Baru saja Keisha selesai bicara, proyeksi Dewa Kematian Karl muncul di hadapannya dan membungkuk hormat.
"Bagaimana aku bisa sampai di sini?" tanya Keisha datar.
"Dalam pemikiran kalian, ruang dan waktu adalah konsep yang stabil. Tapi menurutku, ruang-waktu itu tidak stabil. Kalian menyesuaikan lubang cacing dari satu titik ke titik lain tanpa mengubah posisimu. Aku justru mengubah posisi ruang itu sendiri," jelas Karl dengan hormat.
"Jadi secara teori, aku masih berada di tempat semula?"
"Kurang lebih begitu," jawab Karl.
"Sungguh menjengkelkan. Dan Reina itu, kami takkan memakai cara seperti ini untuk mengendalikan orang lain," ucap Keisha dengan nada marah, meski wajahnya yang rupawan sama sekali tidak menunjukkan kemarahan.
Mendengar itu, Karl membalikkan badan dan berkata pada Keisha:
"Itulah sebabnya manusia menghormati kalian, tapi para dewa belum tentu."
"Supernova di depan ini, satu menit lagi akan meledak. Ya, mungkin saja aku akan hancur lebur karenanya," gumam Keisha.
"Semoga saja. Selain itu, Morgana mengusulkan agar menggunakan Jam Agung untuk menyebarkan fragmenmu ke seluruh penjuru semesta yang dikenal. Ia mengira kau punya kemampuan untuk menyatu kembali, tapi jika pun bisa, setidaknya dalam tiga ratus juta tahun kau takkan mampu melakukannya," jelas Karl.
"Mati ya mati saja, mengapa harus menyatu kembali? Aku tak takut mati. Jika sudah mati, sebaiknya istirahat dengan tenang. Penjelasanmu soal ketidakstabilan ruang ini baru pertama kali kudengar. Beri aku waktu, aku ingin mencerna perlahan," kata Keisha.

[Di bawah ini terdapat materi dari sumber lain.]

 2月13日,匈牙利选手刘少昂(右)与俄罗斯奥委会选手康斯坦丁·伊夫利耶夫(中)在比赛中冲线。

Melihat Keisha tetap duduk tenang di sana, Karl merasa heran dan bertanya:
"Sisa tiga puluh detik lagi. Maaf, Ratu Keisha, mengapa kau tidak mencoba melarikan diri, malah duduk menunggu kematian dengan tenang?"

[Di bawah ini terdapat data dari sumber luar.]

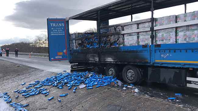 Eskişehir Bilecik karayolunda seyir halindeyken tekerinden başlayan alevlerin yayılması ile kısa sürede bir bölümü tutuşan tırda büyük hasar meydana gelirken, olay sırasında sürücü ve çevredekiler büyük panik yaşadı.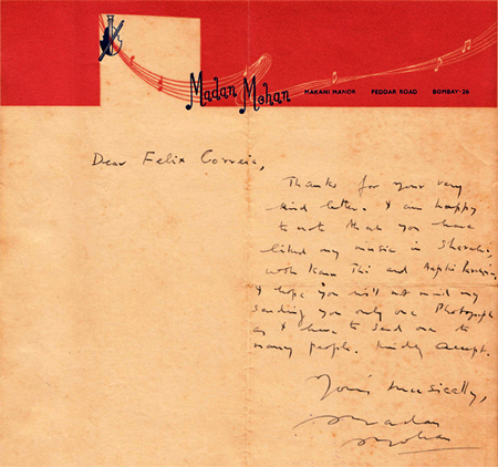 Mr. Felix Corea, a lover of old film music, recently shared with us two such letters that he had received from Madanji in the 60's.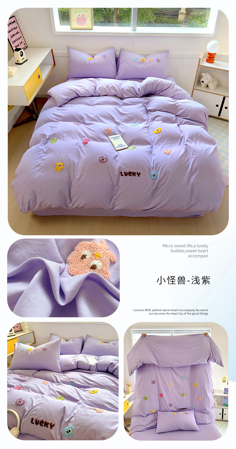 当前位置: 91家纺网 > 商品网购 > 床品套件 > 四件套 > 水洗棉四件套 > 一比一家纺 2024新款水洗棉毛巾绣系列 小怪兽-浅紫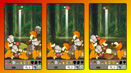 Pilze zusammenführen zu spielen ist ein Kinderspiel! Auf Ihrem Computer, klicken und ziehen Sie mit der Maus, um den Pilz zu positionieren, und lassen Sie ihn dann los, um ihn zu werfen. Auf Ihrem Telefon, tippen und halten Sie auf dem Bildschirm, um zu zielen, und lassen Sie dann los, um zu starten. Das Zusammenführen von Pilzen ist unerlässlich, um die unzähligen lustigen und skurrilen Sorten zu entdecken, die sich im Wald verstecken.

"Lari? Lari ke mana? Aku bisa saja membunuh tubuh ilahi generasi ketiga Reina dengan mudah, dan dia akan binasa selamanya. Tapi aku tidak melakukannya. Silakan saja... Aku justru ingin melihat bagaimana kalian... menghancurkan keadilanku."
Setelah menjawab Karl, Keisha berdiri, merentangkan kedua lengan, dan menatap supernova dengan tenang.
Melihat Keisha yang memandang kematian tanpa gentar, merasakan kebesaran dan keluasan hatinya sebagai raja para dewa, Karl kembali membungkuk hormat sebelum menghilangkan proyeksinya, sekaligus memindahkan Reina yang sudah tak berguna.
Kini, yang tersisa hanyalah sebuah supernova yang meledak, dan tak terhitung atom suci yang hancur berkeping-keping akibat ledakan itu.